[[ Data extract open ]]

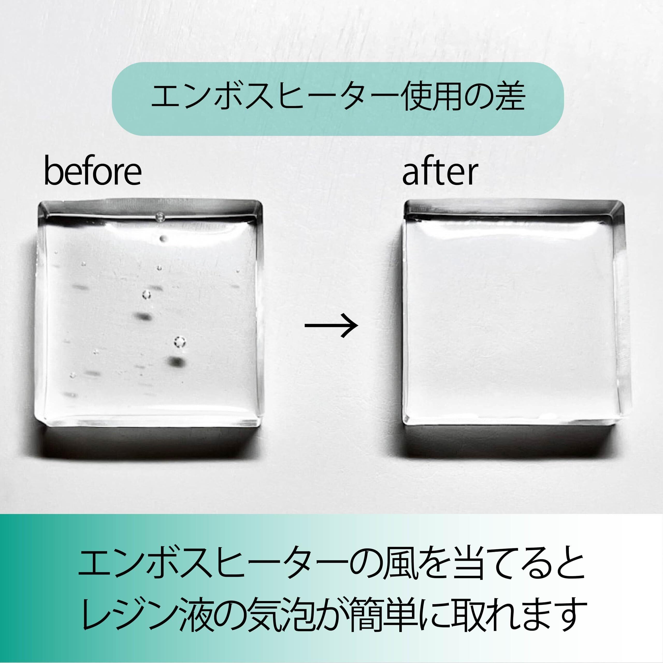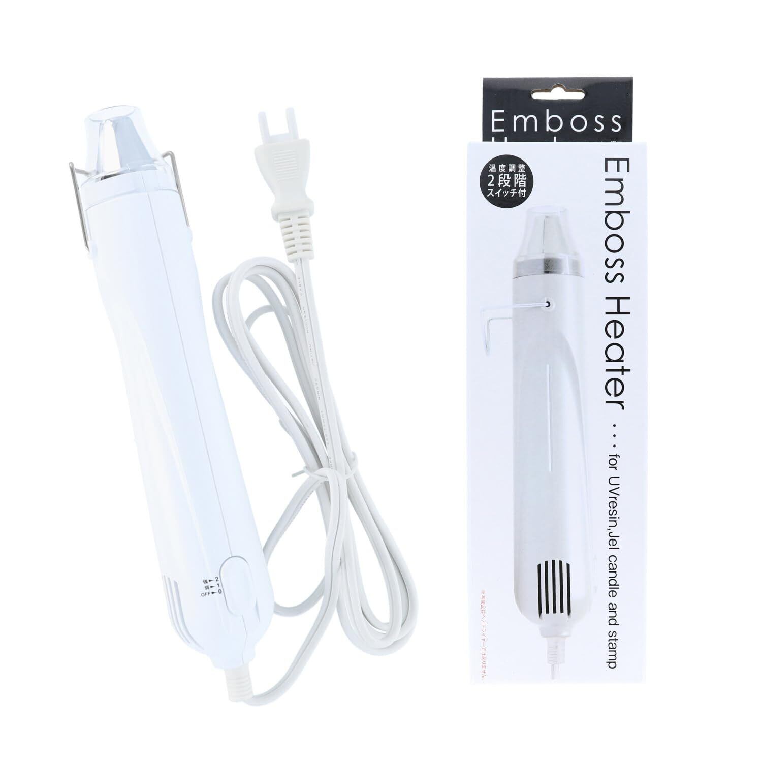 温風を吹き出す、ハンディサイズのエンボスヒーターです。硬化前のレジン液内の小さな気泡を飛ばす時・細かい/立体的なプラバン作品の制作など様々なクラフトにご使用いただけます。
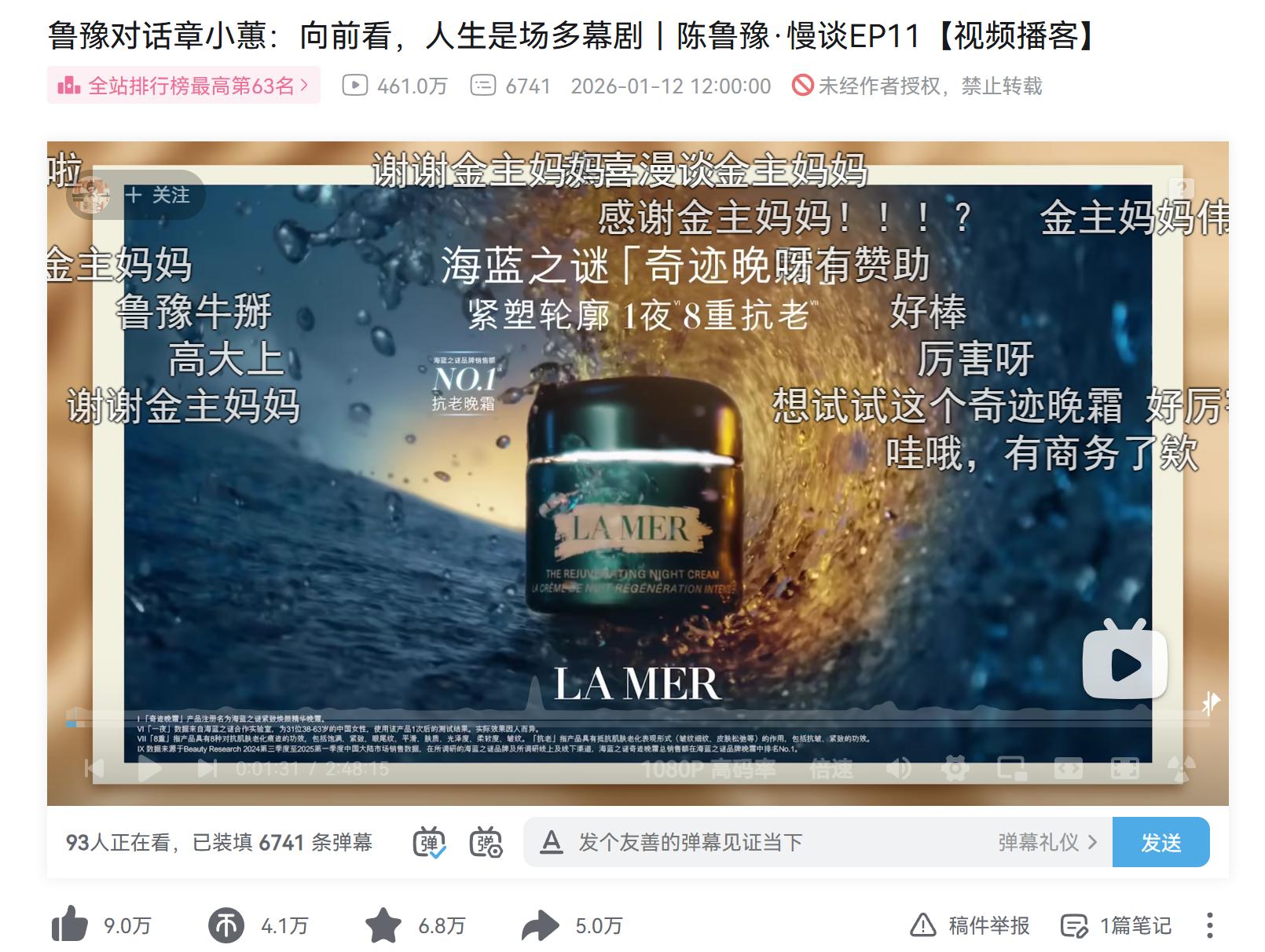 这也解释了行业里那个被频繁提起的现象——为什么鲁豫视频播客的档期被品牌方排满。以海蓝之谜×《鲁豫·慢谈》章小蕙期为例,一场人文浓度极高的深度对谈,追溯了章小蕙从香港名媛到带货女王的人生路径。全网总曝光超2亿。
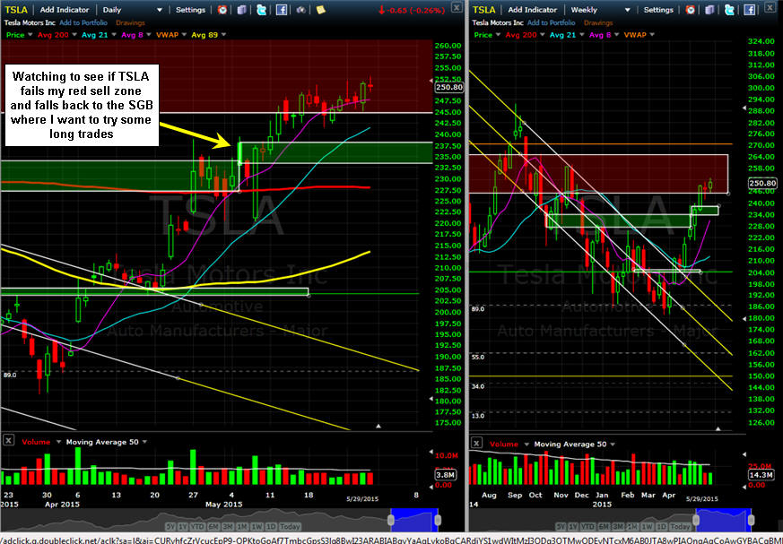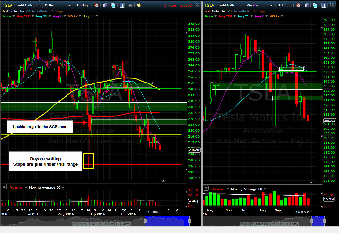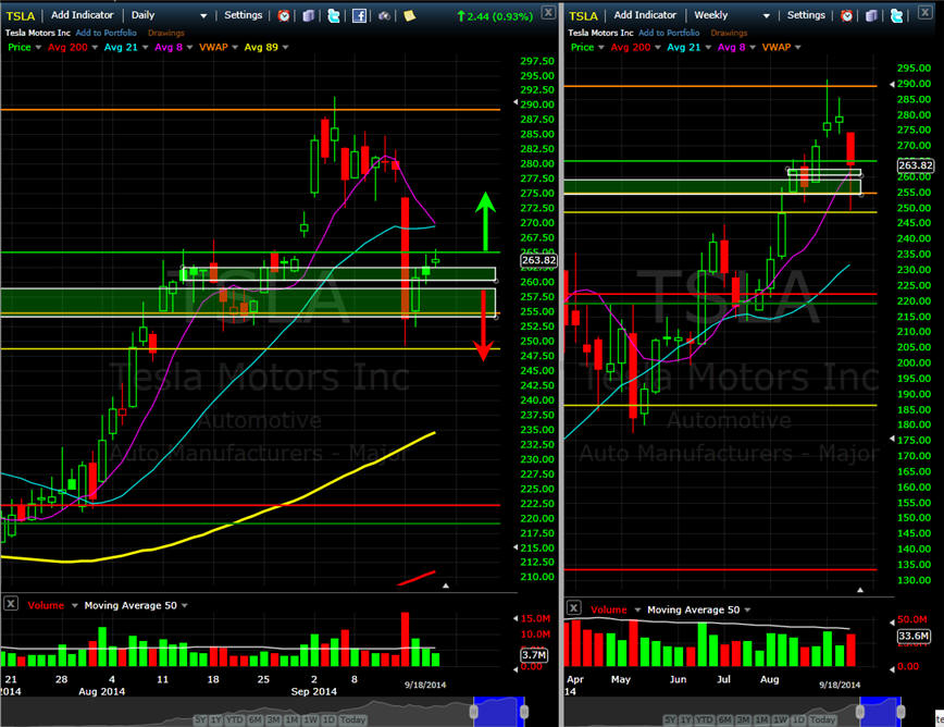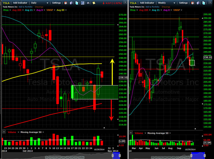 ========================================================================================================== 9/28/14: TSLA is looking ready to take another dip lower, but that is usually the time you want to get long. Well, for me, any move higher is just a better short entry point so until TSLA take out my double SGB zones on the daily chart, my bias will remain bearish.

[[ Data extract closed ]]

(What the task asks)
In transcribing the material above, reproduce each line exactly and include none of the pictures.

(Solution to this problem)
 温風を吹き出す、ハンディサイズのエンボスヒーターです。硬化前のレジン液内の小さな気泡を飛ばす時・細かい/立体的なプラバン作品の制作など様々なクラフトにご使用いただけます。
 这也解释了行业里那个被频繁提起的现象——为什么鲁豫视频播客的档期被品牌方排满。以海蓝之谜×《鲁豫·慢谈》章小蕙期为例,一场人文浓度极高的深度对谈,追溯了章小蕙从香港名媛到带货女王的人生路径。全网总曝光超2亿。
 ========================================================================================================== 9/28/14: TSLA is looking ready to take another dip lower, but that is usually the time you want to get long. Well, for me, any move higher is just a better short entry point so until TSLA take out my double SGB zones on the daily chart, my bias will remain bearish.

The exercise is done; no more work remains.